Sun, Feb 18, 2018 - Page 1 News List

PRC warns of retaliation for US tariffs

Bloomberg

In this Dec. 30, 2016 photo, smoke and steam spew from the sprawling complex that is a part of the Jiujiang steel and rolling mills in Qianan in northern China’s Hebei province. The US Commerce Department is urging President Donald Trump to impose tariffs or quotas on imported aluminum and steel.

Photo: AP

China said proposed US tariffs on imported steel and aluminum products are groundless and that it reserves the right to retaliate if they are imposed.

The US recommendations, unveiled by the US Department of Commerce on Friday, are not consistent with the facts, Wang Hejun (王賀軍), chief of the trade remedy and investigation bureau at China’s Ministry of Commerce, said in a statement posted on its Web site.
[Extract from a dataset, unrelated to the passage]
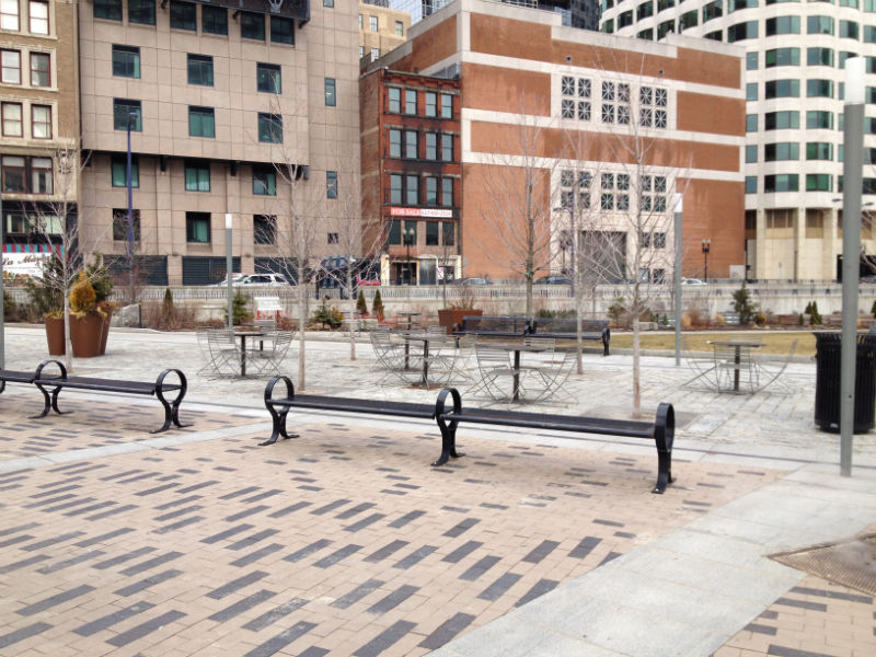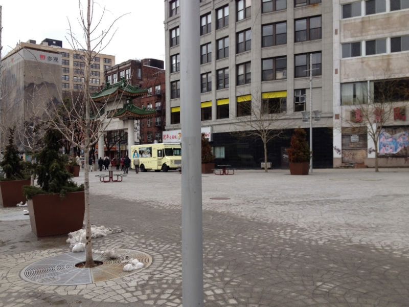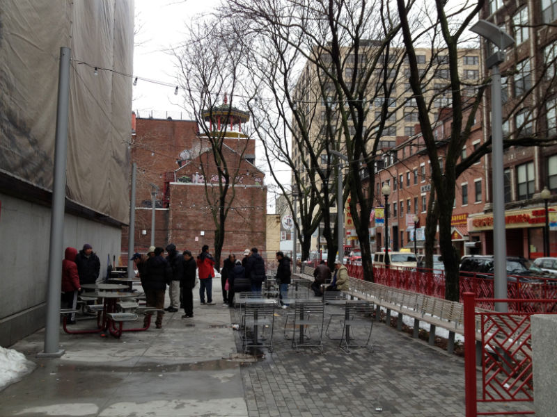 A small plot of trees separates it from the I-90. Behind this vent lies a small rectangular courtyard, known to locals as the Mary Soo Hoo or Chinatown Gateway Park. This vent serves an effective shield that prevents the park from being directly adjacent to the road, a location that Spirn describes as being known to contain up to 16 times more lead in its atmosphere than the normal level. It is not hard to imagine this structure offering relief from the sun to visitors of the park during summer, turning it into a “shady haven”. Even on a cold winter day, numerous residents of Chinatown gather to play Chinese checkers in this area, shielded from the easterly wind coming from Fort Point Channel by this vent.
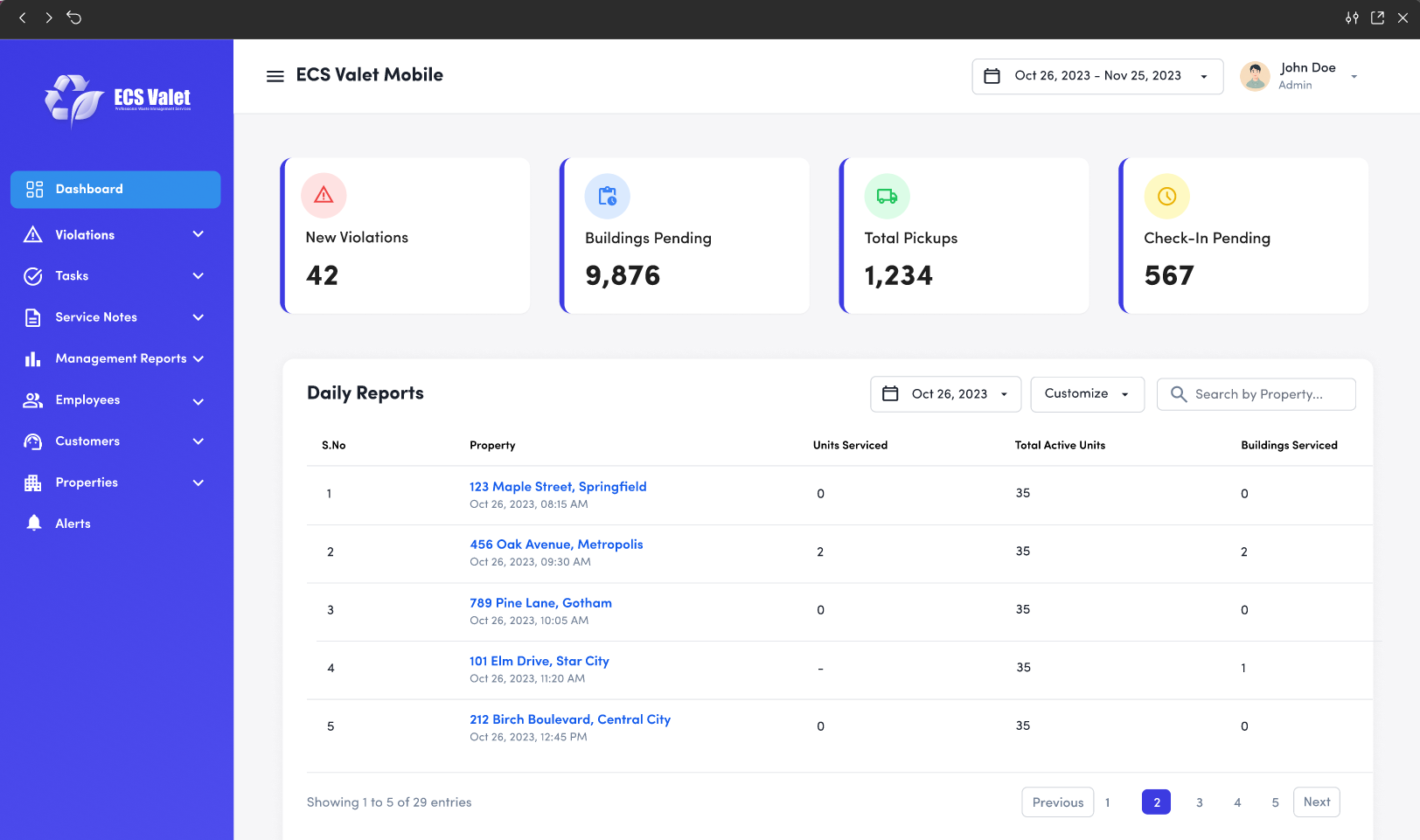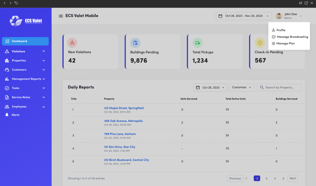 ECS Valet Mobile is an all-in-one Valet Trash Software platform built specifically for valet trash business owners. It helps you track crews, document pickups with photos, optimize routes, manage issues, and oversee multiple properties from one system.

US Secretary of Commerce Wilbur Ross said the US might impose quotas on imports of aluminum and steel, including a tariff of at least 24 percent on steel imports from all countries.

While it is the strongest indication yet that US President Donald Trump’s administration is ready to take action on its protectionist agenda, Ross said “it wouldn’t surprise us” if the measures were challenged.

The US already has excessive protections on domestic iron and steel products, Wang said.

“If the final decision impacts China’s interests, China will certainly take necessary measures to protect its own rights,” Wang said.

US steel companies and steelworker unions have been pushing Trump to follow through on his promise to protect the industry.

China’s trade partners have complained for years that its industry unfairly benefits from state subsidies and dumps its products at below-market prices.

While China only accounts for about 1 percent of US steel imports, it could challenge US action at the WTO, a process that could take years.

China has long been at the epicenter of global overproduction of steel, but the trade dynamics are shifting as aluminum exports take center stage.

Last month, China boosted its shipments of the lightweight metal for a third month, as domestic supplies spill overseas, while steel cargoes shrank to the lowest in nearly five years as strong domestic growth mops up production and environmental curbs trim capacity.

Rather than tariffs on all imports, Trump may opt for a more “surgical” approach, Ross said at a meeting with lawmakers this week.

The department may invoke a seldom-used section of the 1962 Trade Act, which allows the president to impose tariffs without congressional approval.

Japan views this as more of a security issue, said Yasuji Komiyama, director of the metal industries division at the Japanese Ministry of Economy, Trade and Industry.

Komiyama said steel and aluminum shipped to the US do not pose any threats to US security.

“This is an issue within the US government. Nothing has been decided and therefore the Japanese government doesn’t have any further comment,” he said.

Kobe Steel said there could be ramifications.

“We need to look more closely into this, but if these measures are enacted, it would be difficult for the industry to avoid any impact,” a company official said.